Djaru people


The Djaru people are an indigenous Australian people of the southern Kimberley region of Western Australia.

Language

is a member of the Ngumbin language family, and is related to Walmajarri.

Country

The Djaru people ranged along Margaret River as far as the Mary River Junction. Their land took in the headwaters of Christmas Creek, ran eastward to Cummins Range, Sturt Creek Station up to the border with the Northern Territory. Its northern boundary lay in the vicinity of the Nicholson Station homestead, and the headwaters of the Ord River above the Dixon Range, and including the areas east of Alice Downs as far as Hall's Creek and the Margaret River gorge. In Norman Tindale's estimation the total land range encompassed something like. The area is now known as the Kutjungka Region.

Trade

The Djaru, like the Gija, much admired the composite spears, fitted with barbed pegs, of their southern neighbours, fashioned from mulga hardwood and witjuti bush shrubs and to obtain them would exchange them for stone knives and pressure-flaked spear blades, and pearl shells which filtered down from the coast where they had been collected by the distant Jawi.

History of contact

Massacres of aborigines in the Kimberleys were commonplace as the land was cleared for settlement and pastoral stations. An early massacre at Hangman's Creek, otherwise undocumented in colonial archives, remains undated, but is associated with the name of Sergeant Richard Henry Pilmer.
Djaru had been responsible for killing in separate incidents 4 outsiders: a stockman, a surveyor, a miner, and a Chinaman, at Ruby Plains Station. Native tradition holds that Pilmer rode out in a buggy and rounded up a mob of Djaru to get them to dig a 'well'. Once this work was completed he then strung them all up on a walarri gum tree and buried them in the well.
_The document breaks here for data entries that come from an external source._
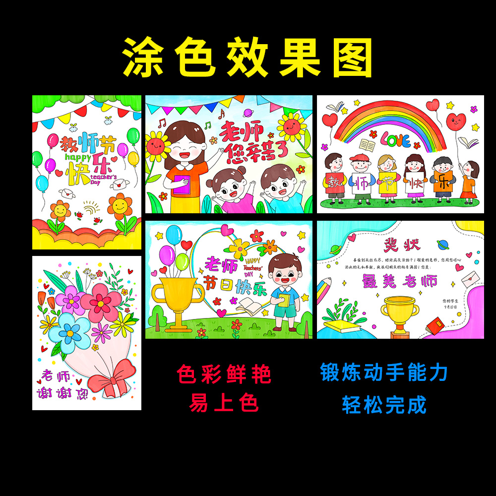 教师节儿童画模板老师辛苦了学生感恩老师diy半成品涂色画男孩版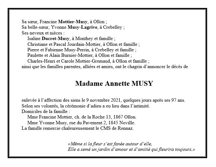 Madame Annette MUSY 02 nov. 1924 - 09 nov. 2021 Avis mortuaire PFG Télecharger PDF Partager sur: Galerie PreviousNext PreviousNext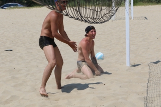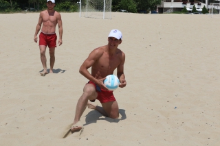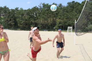 Те кому мало моря и хочется общения, играют в коллективные игры на свежем воздухе - футбол и волейбол.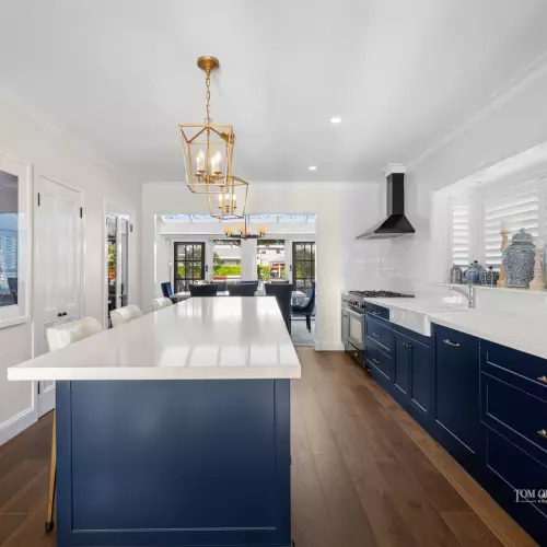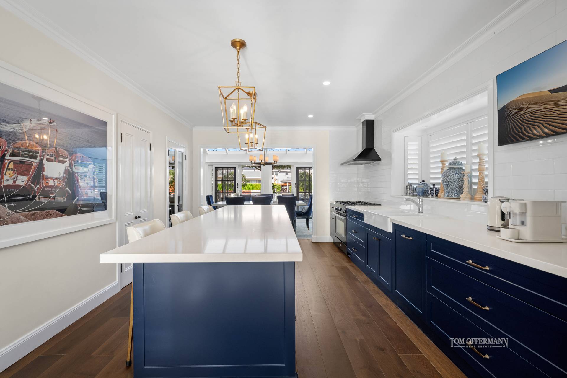Retro rocks in the shaker-inspired kitchen with white stone-topped royal-blue cabinetry including large island breakfast bar, brass lantern pendants, double farmhouse sinks, walk-in pantry plus store room, and high-end appliances such as a 900 Falcon gas cooktop with oven. Adjacent is a meals area, also a laundry with sink.

The place thereby earned the name of Hangman's Creek. The primary victims of this particular slaughter were, according to Norman Tindale, the Margaret River Djaru.
In September 1922, two settlers, Joseph Condren and Tim O'Sullivan, were murdered at Billiluna homestead. According one account, a Guluwaring man Goose Hill near Kununurra, known as Banjo, seized a gun and shot first Sullivan, and then Condren, while the latter two were branding cattle with the assistance of several natives. The reason given for the murder was Banjo acted to revenge himself on Sullivan who had taken away his wife, Topsy. The other blacks, who tried to intervene, were held at bay by Banjo who threatened them with the rifle.
According to indigenous traditions, the first massacre which ensued in retaliation for these killings took place at Kaningarra between wells 48 and 49 on the Canning Stock Route. The incident is undocumented, and relies on the testimony of the three sons of Riwarri, the only adult survivor. In this account a police punitive expedition came across an encampment where aboriginals were cooking camel meat, and keep shooting into it until they ran short of ammunition. Those who survived were led off tethered by neck-chains to a site called the 'Goat Yard' at Denison Downs. A police party led by Constable J.J. Cooney, engaged ostensibly in a search for the culprit, was in this Walmajarri area from 12 and 31 October at the time of the reported slaughter.
The second incident, soon after, took place at the former Denison Downs homestead on the Sturt Creek Station, in a site referred to as Chuall Pool where many Djaru, together with Walmajarri, were murdered. The victims were the survivors of the Kaningarra massacre. A recent archaeological study of two sites, identified by the tribal custodians, as the goat yard and the women and children's site, turned up ample evidence of calcinated bone fragments that were the residue of exposure to prolonged extreme heat, created by a fire accelerant like kerosene wholly atypical of hunter-gatherer hearths. On the other hand, the 'well-digging' story, it was inferred, cannot have been accurate, since the indicated well had been constructed before that time. Otherwise, the archaeological study confirmed the likelihood that police had massacred an unknown number of aboriginals at this second site.